More people are losing their jobs every day in the United States as the country faces its worst crisis since the Great Depression of the 1930s. But Seddiqui has been undeterred, even though he has yet to settle on one profession.

"I'm showing people that if you take a chance and try new things, there are jobs out there," he said, after government data revealed 651,000 jobs were lost in February, propelling the unemployment rate to a 25-year high of 8.1 percent.

Seddiqui has already worked as a logger in Medford, Oregon, a border patrol agent in Tucson, Arizona and an archaeologist in Fayetteville, Arkansas. Most employers have paid him or offered to hire him full-time.

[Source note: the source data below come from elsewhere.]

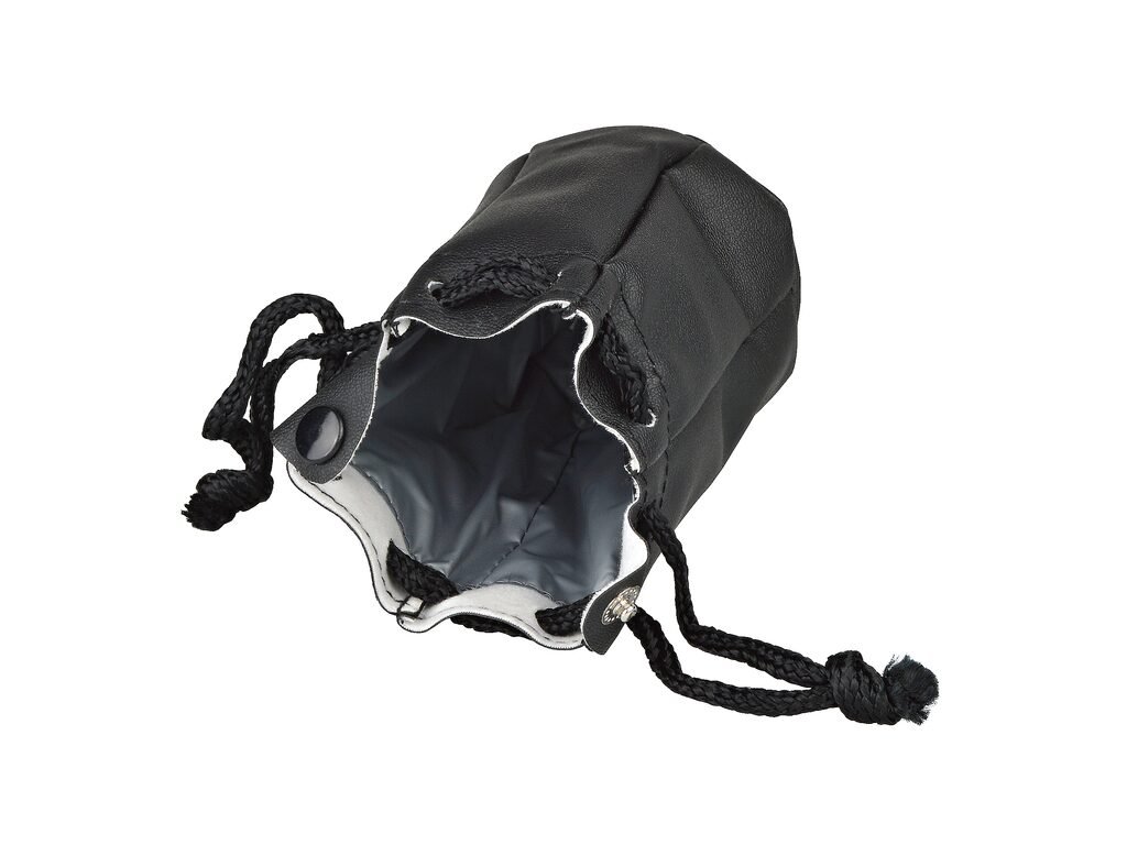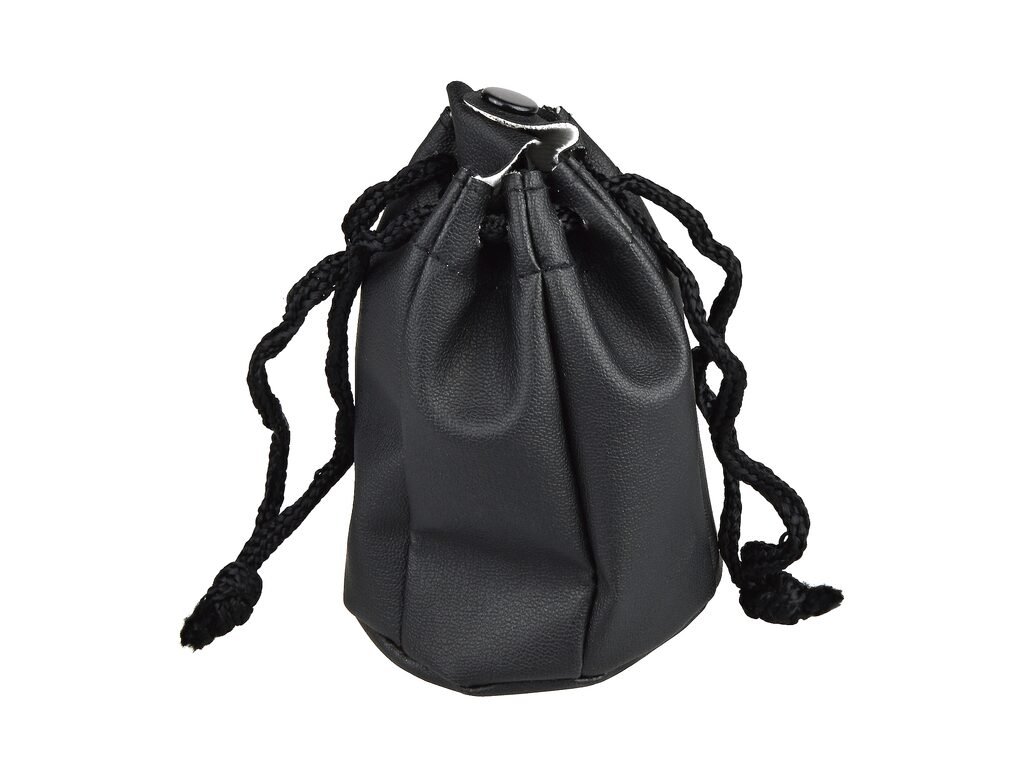 Koženkový pytlík na tabák v černé barvě. Stažení pytlíku zajišťuje šňůrka a patent.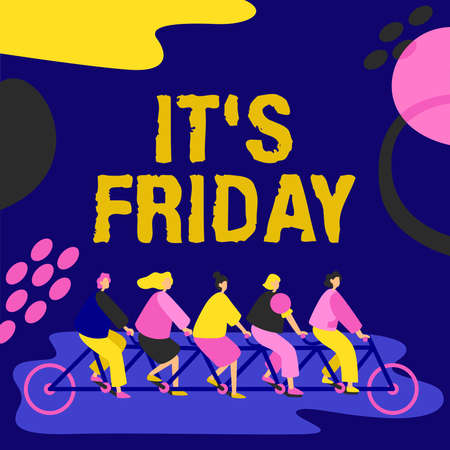 Text showing inspiration It S Friday. Concept meaning Last day of the working week Before Saturday or weekends Colleagues Riding Bicycle Representing Teamwork Successful Problem Solving.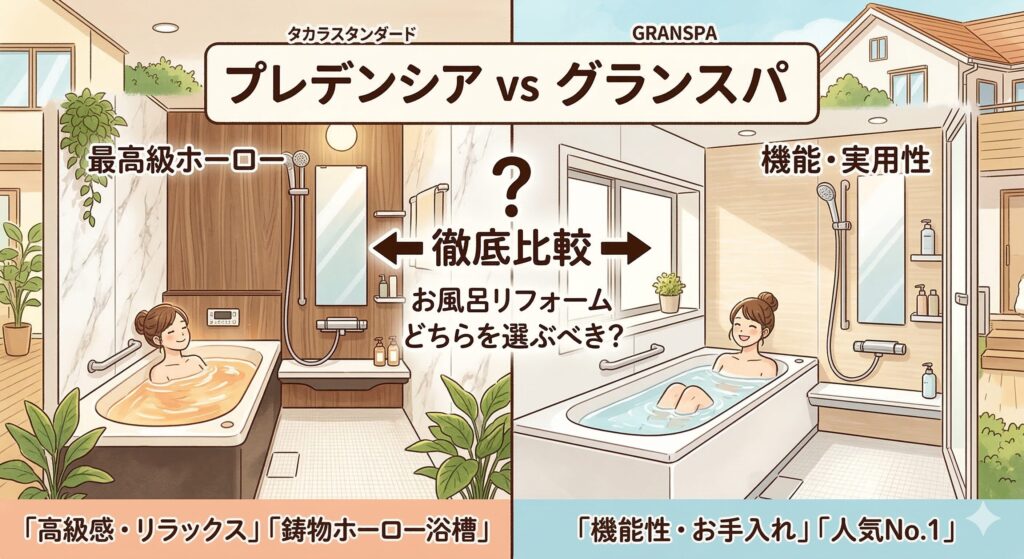 プレデンシアとグランスパの違いを徹底比較|タカラスタンダードお風呂リフォームはどちらを選ぶべき?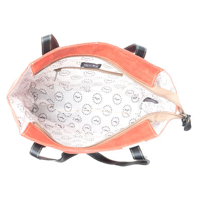 The distinctive vintage design of this wonderful bag makes for a wonderful fashion statement! It features woven canvas, special leather and brad accents, and wording overprint. Zipper-close top, canvas back with zippered pocket, and leather carrying straps. The vintage ranch feel is always eye-catching and great for any wardrobe, plus it has room for all your daily essentials!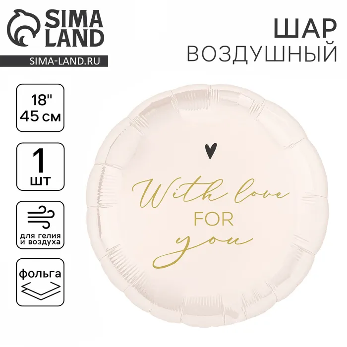 Фольгированный шар в форме круга со стильной надписью With love for you («С любовью для тебя») станет приятным подарком для любимого человека и поможет красиво оформить помещение для праздника.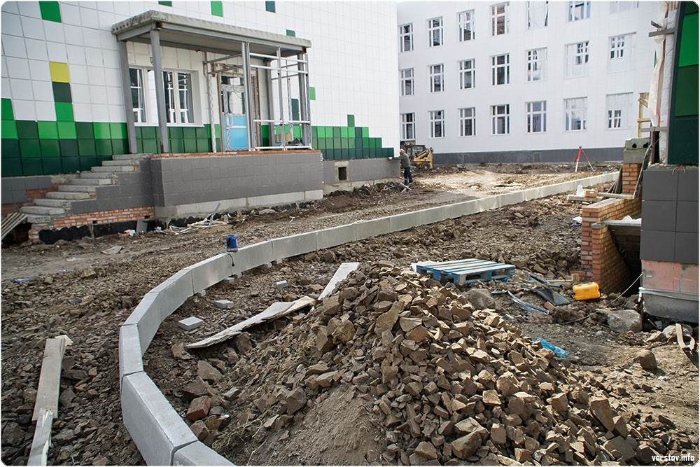 В новой трехэтажной школе на 825 мест будет два основных входа. Главный – со стороны улицы Советской и крытого катка «Умка» – почти закончен. На крыльце завершаются отделочные работы, снаружи практически закончено благоустройство. Но обход начался с другой стороны – со стороны входа для начальной школы.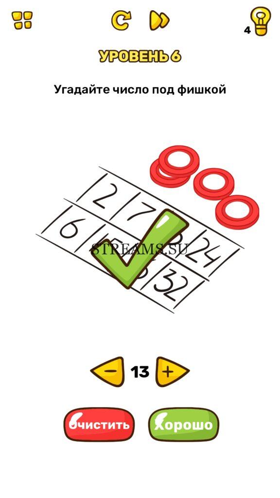 Угадайте число под фишкой. Уровень 6 — Brain Blow: Тест на гениальность — Ответ на этот уровень находится под фото. Очередная игра от популярных разработчиков головоломок CASUAL AZUR GAMES. Если вы хотите взорвать свой мозг и развить навыки нестандартного мышления, тогда игра Брейн Блоу определенно вам понравится. Если не получается решить задание, то попробуйте включить нестандартное мышление, тряхнуть телефон, погладить его или использовать больше пальцев. Эта игра способна развить в вас навыки следопыта, креативность и прокачать ваш IQ. Но, а если все-же не получается пройти уровень, найдите правильное решение на нашем сайте.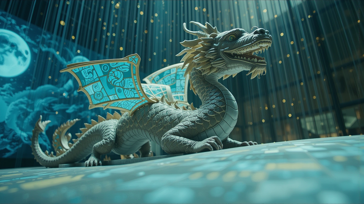 作图提示词:A hyper-detailed museum diorama featuring a Han Dynasty stone carving of Yinglong dragon, with artfully projected holographic wings creating an illusion of movement. The dragon’s scales reflect laser-etched motifs from ‘Chang’e Flying to the Moon’ legend. Museum ambient lighting casts ethereal blue and gold hues through suspended quantum-dot particles. Shot with 14mm lens at f/2.8 from low angle, capturing both the ancient artifact and its futuristic projections in crisp focus, ISO 800 for rich shadow details.

Halfway through his mission on week 25, he was working as an auto mechanic in Dearborn, Michigan, home to the Big Three US automakers Ford, Chrysler and General Motors.

"This is my 25th state, I'm halfway there and I've seen a lot of different things," he said, describing how one man had pulled out a gun in the auto repair shop just outside Detroit, considered America's most murderous city.

Seddiqui launched his driving tour in September 2008 in Salt Lake City, Utah, where he worked at a Mormon humanitarian centre. He then headed to Colorado, where he took on a hydrologist job, before donning cowboy gear to be a rodeo announcer in South Dakota.

He wanted each job to have a link to its state.

"When you think of Texas, you think of oil and gas, so I was a petroleum engineer,” he said. “This week in Detroit, I am working in the auto industry, because it's huge here. Last week, I was working for the train in Chicago because if you are there, you can't avoid the train."

Seddiqui set up most of the jobs in advance and found places to stay on the road, most often with his employer or a co-worker. "I've stayed with all kinds of people, from cowboys to Indians to Arabs to rednecks to just about everybody," he said.

Seddiqui, who said he wants to make a documentary and write a book about his journey, had a sound piece of advice for students struggling to launch their careers.

"I recommend to network and travel,” he said. “Be willing to try anything. Nowadays, you can't be too picky, especially if you are a new grad. It's going to be hard, you are not going to get your dream job on the first day. Step out of your comfort zone."